TASK GOAL: Your answer must be the exact lines of the listing below that run from the line with "Circuit NotesThis circuit" to the line with "Vom Friedhof ist", ends included, and no pictures.

THE DATA:
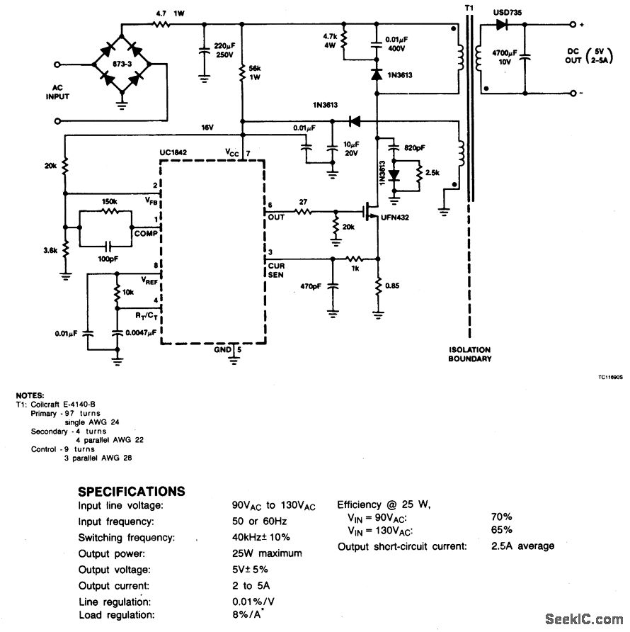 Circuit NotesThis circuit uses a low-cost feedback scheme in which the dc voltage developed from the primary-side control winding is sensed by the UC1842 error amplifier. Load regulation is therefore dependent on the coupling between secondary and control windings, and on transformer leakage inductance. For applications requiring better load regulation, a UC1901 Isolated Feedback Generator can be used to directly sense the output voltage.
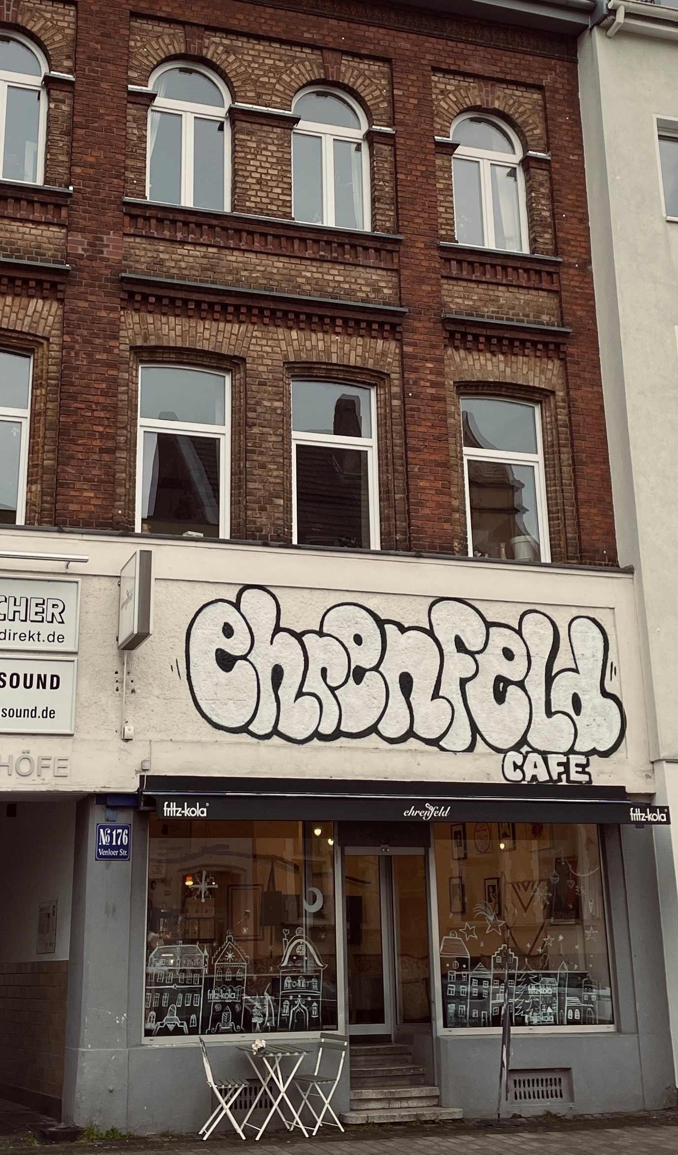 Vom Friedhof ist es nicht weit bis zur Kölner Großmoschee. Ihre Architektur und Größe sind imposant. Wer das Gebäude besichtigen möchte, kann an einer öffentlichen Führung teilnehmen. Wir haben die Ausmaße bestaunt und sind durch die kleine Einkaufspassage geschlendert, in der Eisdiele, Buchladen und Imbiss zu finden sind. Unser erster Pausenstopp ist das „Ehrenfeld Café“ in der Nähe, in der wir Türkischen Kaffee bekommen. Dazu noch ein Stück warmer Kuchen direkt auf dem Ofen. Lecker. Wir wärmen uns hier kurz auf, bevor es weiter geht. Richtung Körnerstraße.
==
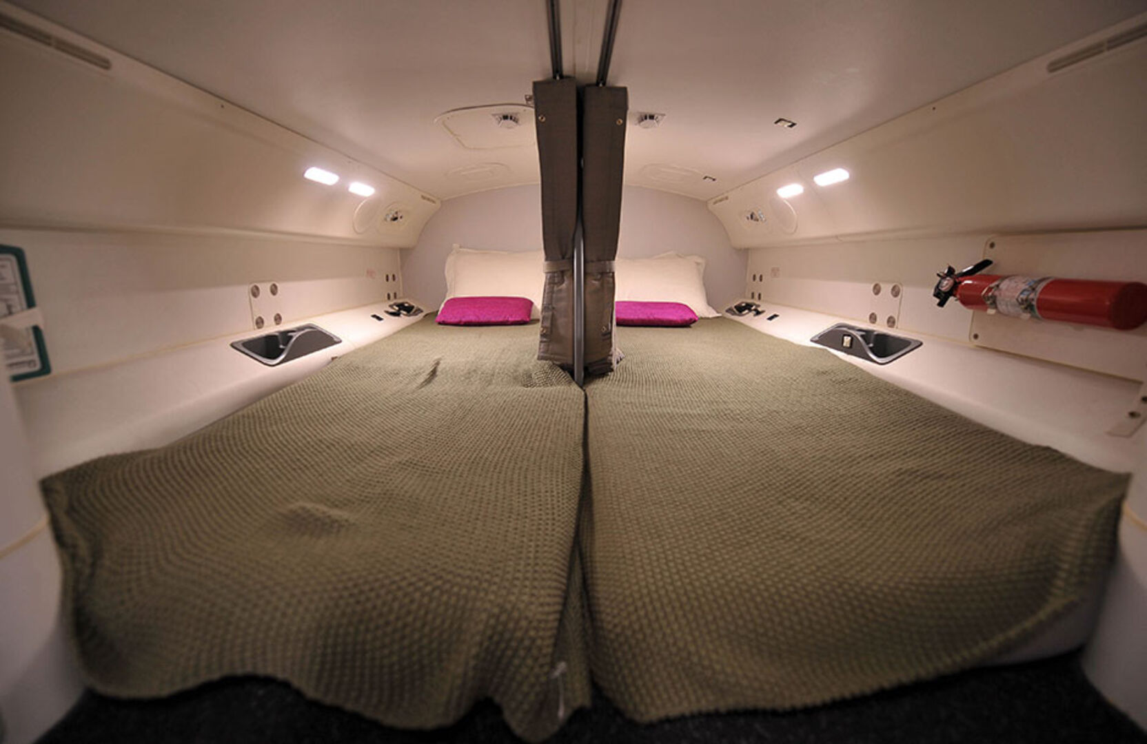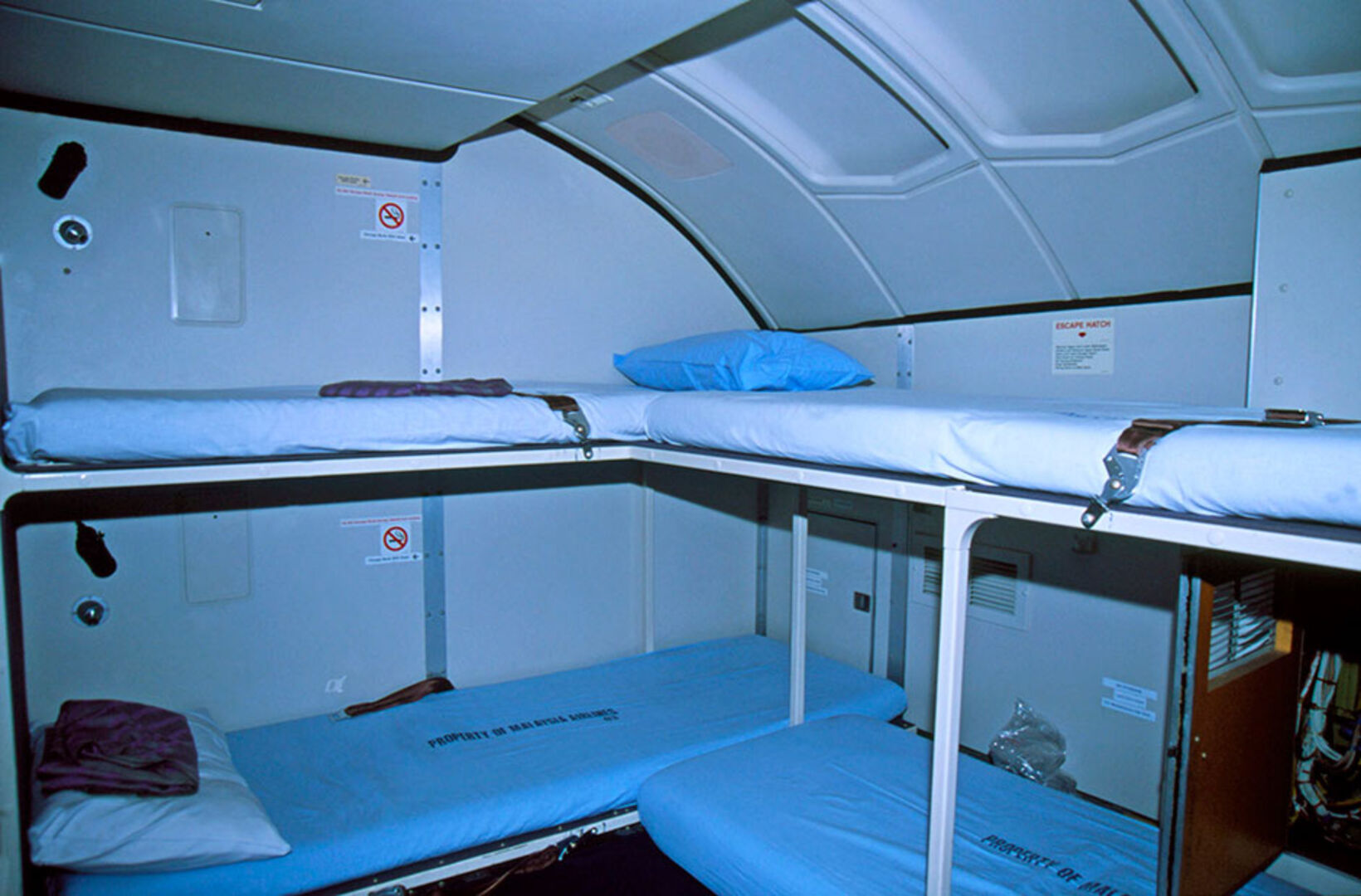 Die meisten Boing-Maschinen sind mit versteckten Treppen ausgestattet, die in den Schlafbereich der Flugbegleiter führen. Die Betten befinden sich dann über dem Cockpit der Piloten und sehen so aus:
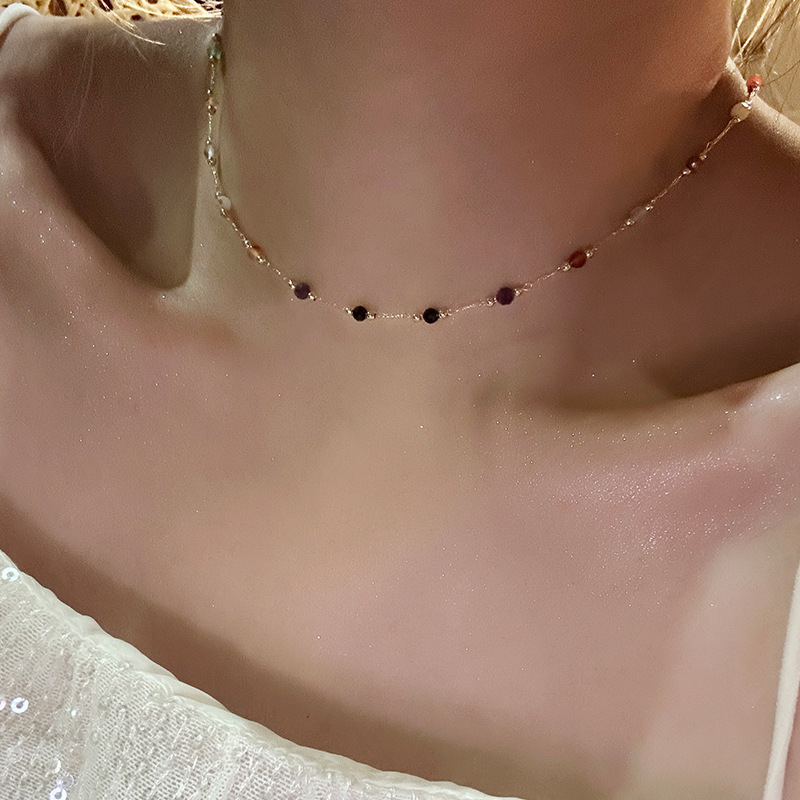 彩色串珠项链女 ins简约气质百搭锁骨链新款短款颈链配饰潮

SOLUTION:
 Circuit NotesThis circuit uses a low-cost feedback scheme in which the dc voltage developed from the primary-side control winding is sensed by the UC1842 error amplifier. Load regulation is therefore dependent on the coupling between secondary and control windings, and on transformer leakage inductance. For applications requiring better load regulation, a UC1901 Isolated Feedback Generator can be used to directly sense the output voltage.
 Vom Friedhof ist es nicht weit bis zur Kölner Großmoschee. Ihre Architektur und Größe sind imposant. Wer das Gebäude besichtigen möchte, kann an einer öffentlichen Führung teilnehmen. Wir haben die Ausmaße bestaunt und sind durch die kleine Einkaufspassage geschlendert, in der Eisdiele, Buchladen und Imbiss zu finden sind. Unser erster Pausenstopp ist das „Ehrenfeld Café“ in der Nähe, in der wir Türkischen Kaffee bekommen. Dazu noch ein Stück warmer Kuchen direkt auf dem Ofen. Lecker. Wir wärmen uns hier kurz auf, bevor es weiter geht. Richtung Körnerstraße.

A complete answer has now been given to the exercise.